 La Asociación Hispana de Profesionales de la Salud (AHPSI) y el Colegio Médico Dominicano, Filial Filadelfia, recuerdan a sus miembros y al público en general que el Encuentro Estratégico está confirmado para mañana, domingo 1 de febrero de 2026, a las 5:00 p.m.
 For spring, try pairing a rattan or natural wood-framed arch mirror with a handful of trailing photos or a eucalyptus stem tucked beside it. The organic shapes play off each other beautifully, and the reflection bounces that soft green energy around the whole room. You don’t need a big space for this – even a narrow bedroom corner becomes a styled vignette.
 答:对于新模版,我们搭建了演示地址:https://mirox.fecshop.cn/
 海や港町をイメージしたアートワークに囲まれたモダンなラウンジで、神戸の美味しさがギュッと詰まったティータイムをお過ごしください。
---
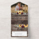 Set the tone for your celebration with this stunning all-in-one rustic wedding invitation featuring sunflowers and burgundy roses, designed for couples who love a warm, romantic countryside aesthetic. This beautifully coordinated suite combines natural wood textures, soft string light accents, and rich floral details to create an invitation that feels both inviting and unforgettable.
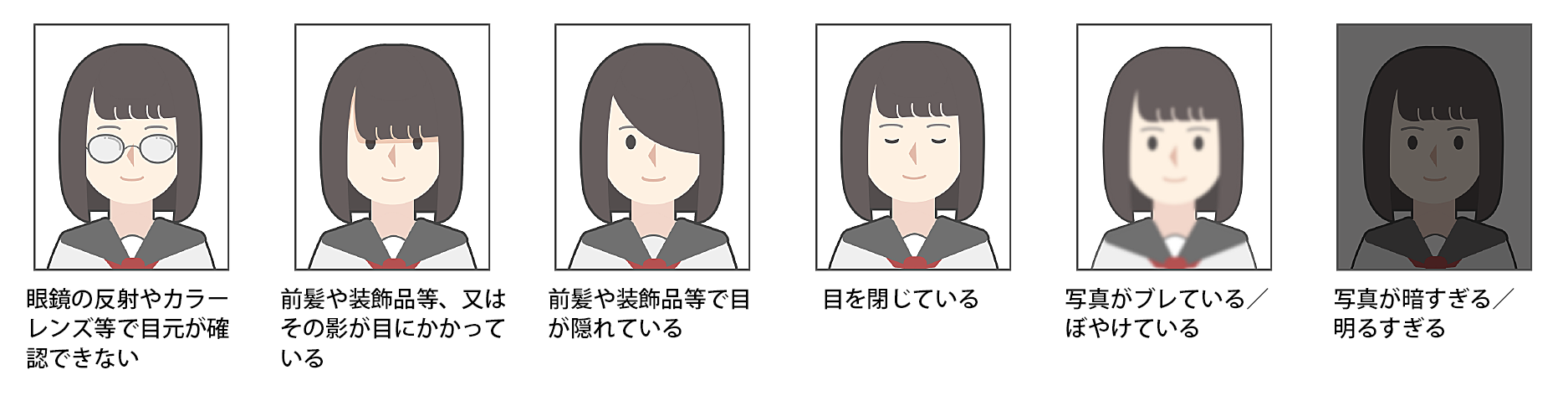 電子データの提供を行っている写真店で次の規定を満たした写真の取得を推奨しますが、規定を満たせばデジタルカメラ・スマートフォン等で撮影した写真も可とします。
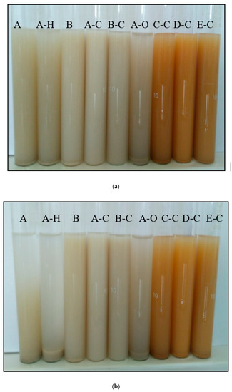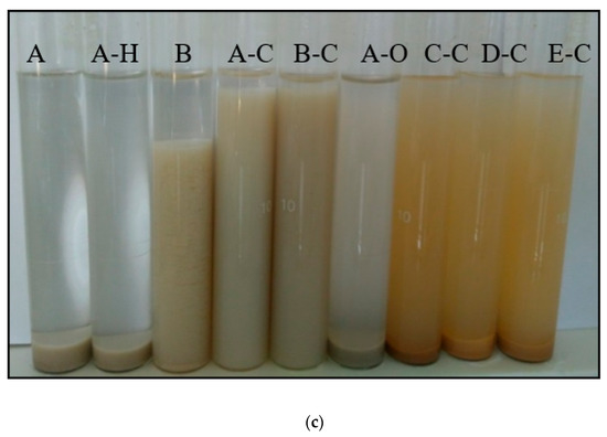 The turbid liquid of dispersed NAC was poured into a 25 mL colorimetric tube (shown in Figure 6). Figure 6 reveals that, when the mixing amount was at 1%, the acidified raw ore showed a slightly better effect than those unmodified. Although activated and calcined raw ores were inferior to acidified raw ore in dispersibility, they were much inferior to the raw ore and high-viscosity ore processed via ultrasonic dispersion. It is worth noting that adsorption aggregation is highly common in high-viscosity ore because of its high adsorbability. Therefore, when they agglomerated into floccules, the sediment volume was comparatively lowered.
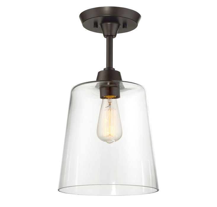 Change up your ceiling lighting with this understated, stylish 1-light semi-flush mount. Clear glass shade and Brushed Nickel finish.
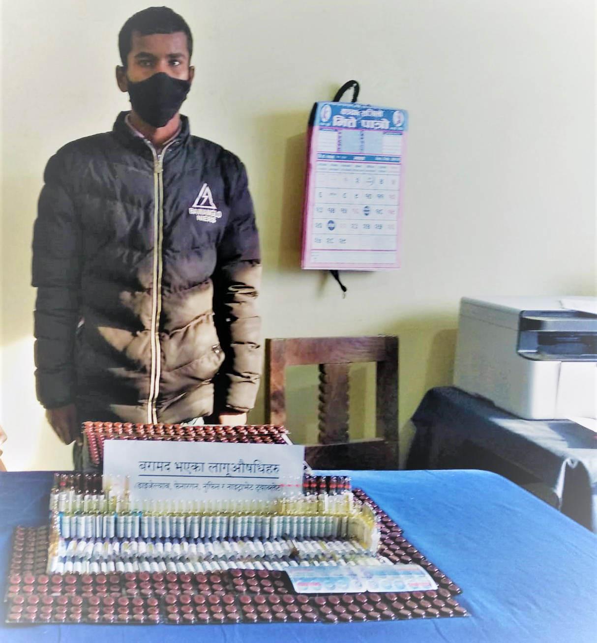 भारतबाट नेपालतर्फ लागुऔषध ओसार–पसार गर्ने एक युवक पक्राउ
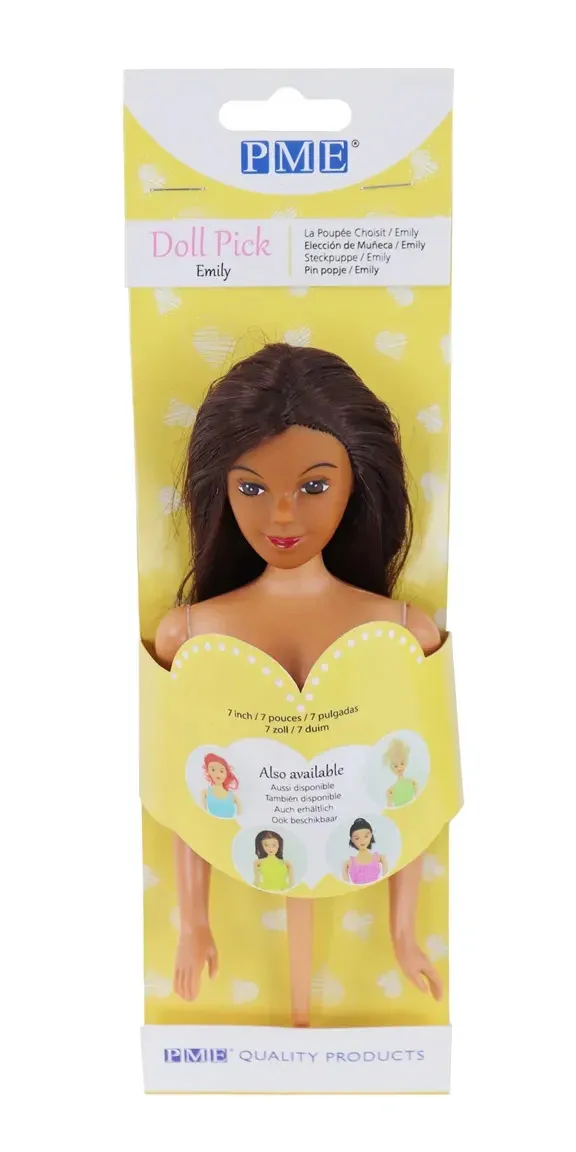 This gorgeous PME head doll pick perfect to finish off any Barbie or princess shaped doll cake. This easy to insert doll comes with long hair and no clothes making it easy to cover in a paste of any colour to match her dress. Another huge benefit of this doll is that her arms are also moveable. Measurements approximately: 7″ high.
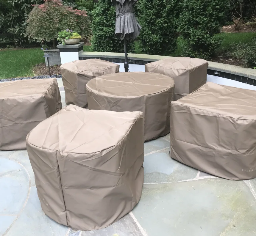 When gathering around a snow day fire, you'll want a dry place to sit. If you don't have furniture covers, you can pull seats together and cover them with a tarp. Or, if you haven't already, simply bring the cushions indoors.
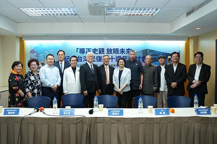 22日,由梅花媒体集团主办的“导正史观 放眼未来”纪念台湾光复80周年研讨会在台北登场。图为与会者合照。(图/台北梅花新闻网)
--
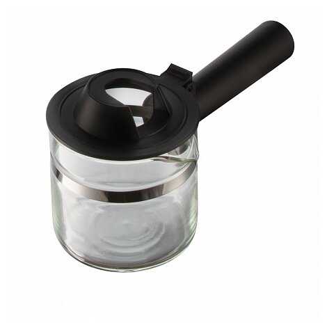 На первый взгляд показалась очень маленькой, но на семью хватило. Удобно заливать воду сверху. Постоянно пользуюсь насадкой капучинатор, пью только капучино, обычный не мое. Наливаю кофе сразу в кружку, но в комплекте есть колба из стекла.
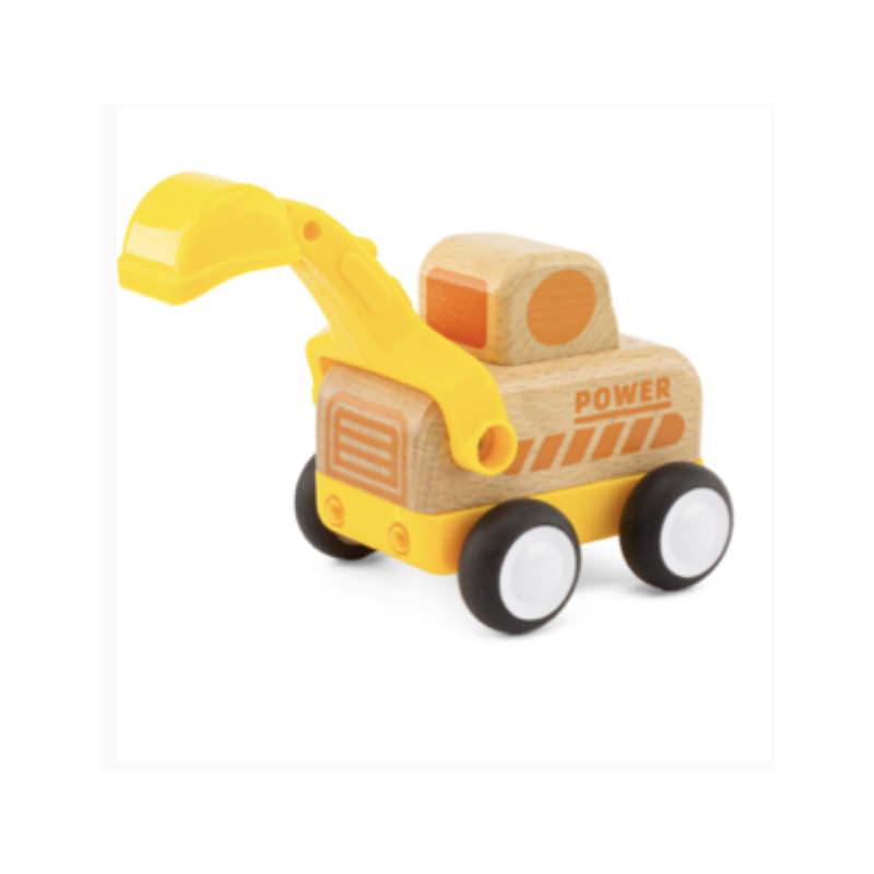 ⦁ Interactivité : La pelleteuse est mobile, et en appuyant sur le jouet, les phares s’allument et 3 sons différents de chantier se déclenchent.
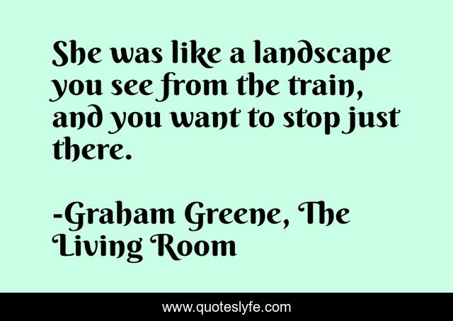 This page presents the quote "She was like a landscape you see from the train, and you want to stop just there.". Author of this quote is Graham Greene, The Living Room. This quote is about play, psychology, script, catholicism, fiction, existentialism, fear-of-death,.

WHAT TO DO: In your answer, include only the lines above starting at the line that holds "For spring, try" and ending at the line that holds "海や港町をイメージしたアート", copied exactly.

EXERCISE ANSWER:
 For spring, try pairing a rattan or natural wood-framed arch mirror with a handful of trailing photos or a eucalyptus stem tucked beside it. The organic shapes play off each other beautifully, and the reflection bounces that soft green energy around the whole room. You don’t need a big space for this – even a narrow bedroom corner becomes a styled vignette.
 答:对于新模版,我们搭建了演示地址:https://mirox.fecshop.cn/
 海や港町をイメージしたアートワークに囲まれたモダンなラウンジで、神戸の美味しさがギュッと詰まったティータイムをお過ごしください。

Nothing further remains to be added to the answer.